Along with grad students Nguyen and Deep Trivedi, they studied the growth of charging infrastructure and produced simulations to study how EV charging works with solar and storage in flattening total electric load, reducing energy costs and impacting SRP’s distribution grids. This will help to ensure the appropriate infrastructure, at both the consumer level and the grid level, is in place as the number of EVs on the road increases. Streamlining forest restoration priorities in the Southwest Fire and forest managers have a host of tools available to help them understand risk from wildfires—so many that, in the stress of wildfire response, the options can be overwhelming.
NAU researchers Tristan O’Mara, Andrew Sánchez Meador, Amy Waltz and Melanie Colavito and Elvy Barton from SRP created a classification framework that presents tools based on their functionalities, intended uses and the wildfire risk objectives they address with the goal of having the right tools available for managers to make informed decisions about forest restoration priorities and reducing wildfire risk. Photo legend (clockwise from upper left).
A burned Sonoran Desert site already experiencing a proliferation of grasses. Soil surface covered with dark-colored biocrusts. Biocrust sod farm in Scottsdale. A trial of experimental clay pellets impregnated with biocrust biota. Rehabilitating the Sonoran Desert’s ‘living skin’ Increasing grass fires in the Sonoran Desert has led to degraded surface water quality in the Salt River watershed, which is a water source for more than 2.5 million people in central Arizona.

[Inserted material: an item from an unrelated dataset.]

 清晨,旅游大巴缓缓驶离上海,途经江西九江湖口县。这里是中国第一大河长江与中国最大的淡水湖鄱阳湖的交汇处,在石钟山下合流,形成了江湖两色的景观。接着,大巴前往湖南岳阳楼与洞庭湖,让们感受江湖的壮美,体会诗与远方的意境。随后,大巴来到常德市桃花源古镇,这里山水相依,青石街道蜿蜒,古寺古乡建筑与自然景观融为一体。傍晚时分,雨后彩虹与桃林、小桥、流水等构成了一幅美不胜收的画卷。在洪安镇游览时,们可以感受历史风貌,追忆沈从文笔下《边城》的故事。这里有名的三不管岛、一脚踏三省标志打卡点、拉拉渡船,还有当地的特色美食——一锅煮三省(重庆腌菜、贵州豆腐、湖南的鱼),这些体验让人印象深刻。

Biocrusts, or a “living skin” composed of organisms like cyanobacteria, lichens and mosses, are critical to help restore soil surfaces, which will help protect water quality after a wildfire. Researcher Matthew Bowker and graduate students Keven Griffen and Nelly McCuistion partnered with researchers at Scottsdale Community College and citizens scientists to create “biocrust sods,” aimed at reducing erosion and discouraging recolonization of exotic grasses, which will go into burned areas in the Tonto National Forest this fall. Ecohydrological monitoring of Upper Verde thinning impact Mechanically thinning overgrown and unhealthy forests has many benefits to forest health and water resiliency.

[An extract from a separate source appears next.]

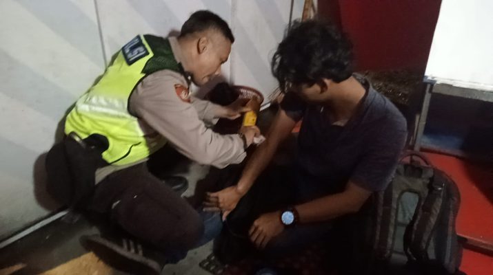 Respon Cepat anggota Pos Pam Jungjang bantu Korban pemudik yang terjatuh dari kendaraan

During times of severe drought and climate change, these thinning efforts can be a valuable tool in helping SRP ensure reliable water supplies for the Valley. NAU researchers Teki Sankey, Salli Dymond, Jackson Leonard and Southwest Watershed Research Center researcher Joel Biederman will quantify the impacts of forest thinning on water supplies in the Upper East Verde watershed by installing ecohydrological monitoring equipment to assess long-term trends of precipitation, snowpack, soil moisture, evapotranspiration, vegetation dynamics, streamflow and water quality.